Cookies are required for login or registration. Please read and agree to our cookie policy to continue.

Newest Member: Anderson78

Just Found Out :
Day of Reckoning/Shared Confrontation Experiences

This Topic is Archived
default

jjct ( member #17484) posted at 12:50 PM on Monday, May 19th, 2014

yop))) sending strength!

Are you really prepared to enforce those boundaries?

(I think so!)

Therefore, I see this playing out this way:

yop enters therapist's office, says his peace (piece?)

-----pause -----

(you've spoken, now you're done. I mean DONE, as in done done done)

-----------------

50 bucks to SI

IF

one of the stated boundaries is not broken within the first 60 seconds.

AND

to receive the donation,

it will have to be reported that you walked out & refused the trampling.

60. Seconds.

50. Bucks.

Easy money, SI, easy money.

I'll even sweeten it.

120. Seconds. = 25 bucks.

If she lasts even 5 minutes, you'll have to come and revive me.

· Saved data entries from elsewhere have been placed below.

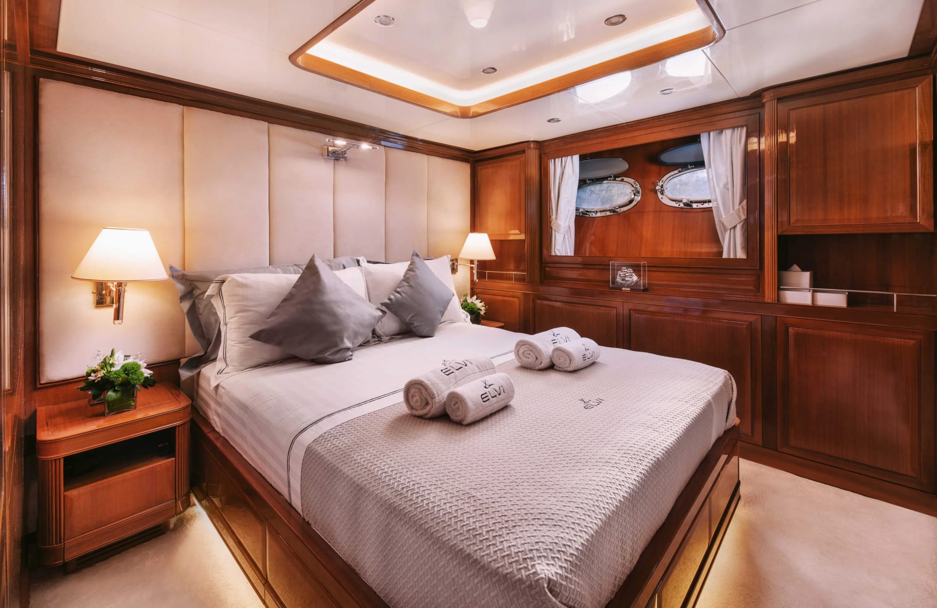 Elvi hosts up to 11 guests in five elegantly appointed cabins, each offering a serene escape after a day of adventure. The master suite is a private oasis, while the VIP and double cabins offer their own unique charm. Twin cabins provide ample space for additional guests, ensuring everyone experiences the serene rhythm of life at sea. Waking up to the gentle rocking of the yacht and the promise of another day of exploration is an experience like no other.
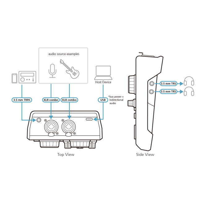 Incluye dos entradas de conector combinado XLR/6,3 mm, salidas de auriculares y un puerto USB para máxima flexibilidad.
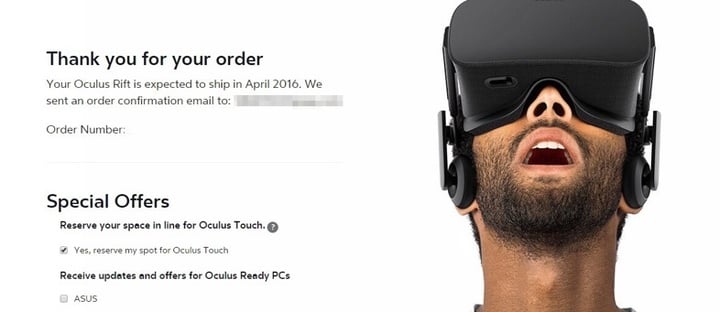 预订成功后会看到下面这样的页面,这里显示发货日期为 2016 年 4 月,3 月发货的已经没了。下方还有预订 Oculus Touch 的选项。

posts: 7269   ·   registered: Dec. 24th, 2007   ·   location: texas
id 6804694
default

 yearsofpain25 (original poster member #42012) posted at 1:38 PM on Monday, May 19th, 2014

jjct, you are one fantastic guy. However, I should be fair. This "meeting" is going to be as fair as possible. I will give these boundaries and consequences at the end of the meeting so that we can get this shit out on the table. They are mostly going to apply to future visits or interactions.

However, that said, you and I both know that there is a good chance that we may not make it to the end of the meeting. Too many things could happen with her in that time.

If that should happen, I will more than gladly meet you on that bet!! I will match it for sure.

Honestly I was just writing with someone and I told them, I have come to the realization that I myself, am just done. I've let go of the outcomes. If she should violate any of the boundaries and not finish the meeting, I will never speak to her again, I'm fine. She commits suicide, I'm fine (well as fine as could be). She actually is able to follow my boundaries, fine too. I really feel like I've moved past this and it's now like she's the one finding out where I'm at. She's behind me now trying to catch up.

I really want to say thank you again to everyone. SI has really prepared me for this moment. I know my story is not the typical story around here as I'm not a BS or WS. But this shit has been going on for 25 years and I finally feel like I have the strength to just let it all go. I have an understanding of what this all is, more importantly an understanding of what I witnessed as a kid, and I had none of that prior to coming here.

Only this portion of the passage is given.